Type: Amphiptere
Origin: Quetzalcoatl was adored first in Yucatan then in theToltec and Aztec empires in what is today Mexico.
Quetzalcoatl was the child of the virgin Chimalman and the god Citlallatonac ("the morning"). He was the priest-king of Tula, the City of the Sun. Scientists think that the myth of Quetzalcoatl started with a bird, the Quetzal, a couroucou which has a long trail of multicolored feathers. This bright green bird has tail feathers of over two feet long, and when it flies, the bird looks like a shimmering serpent.
Description: a winged and feathered multi-colored serpent dragon. Quetzalcoatl sometimes appeared before his subjects arched across the sky, an incomparable sight with the serpent’s iridescent body gleaming in the sunlight. At other times when he wanted to mingle with mortals unrecognized, he appeared as an old man with a white beard and broken walking stick or as a young man in a feathered cloak.
Myth :Quetzalcoatl came forth from within the serpent just as the Morning Star rose to herald the break of day and, by causing the sun to rise in the morning, he was worshipped by the Toltec Mexicans as the one who brought fertility to the land and light to his people. He taught them the art of agriculture, including the cultivation of the maize plant, how to dig into the earth to mine gold and precious stones, the secrets of the zodiac, and the movements of the planets and the stellar system. He was the inspiration behind poetry, learning and all works of art from the simplest sketch to the most elaborate piece of jewellery.

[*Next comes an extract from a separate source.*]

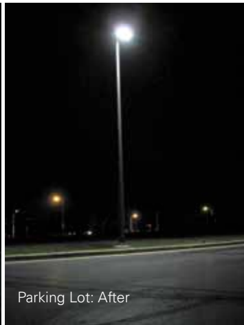
Parking Lot: After

Quetzalcoatl and Tezcatlipoca had originally created the world out of the goddess Tlalteutli by ripping her apart and fashioning the world from her pieces. She had to be appeased by human sacrifice in order to continu giving the corn that sustained life.
There is also a myth in which Quetzalcoatl traveled to the underworld with his dog-headed brother Xolotl to steal bones, from which humanity was recreated after its destruction .
His brother, Tezcatlipoca, engineered his downfall by showing Quetzalcoatl his old, wrinkled face in the mirror. Quetzalcoatl, overcome with sadness, got drunk and slept with his sister, the Moon Goddess Tlazoteotl, thereby losing his purity. In despair, he left Tula and destroyed it. He had his attendants build a funeral pyre, which he threw himself into and was consumed. Eight days later, he was reborn as the planet Venus. He rules over the underground land where the sun hides at night, until the day that he will return and restore the city of Tula.
The aztecs minsinterpreted the prophecy and welcomed instead Cortes and the conquistadors in 1519. The bloody spanish fanatics eventually exterminated the Aztecs and their culture.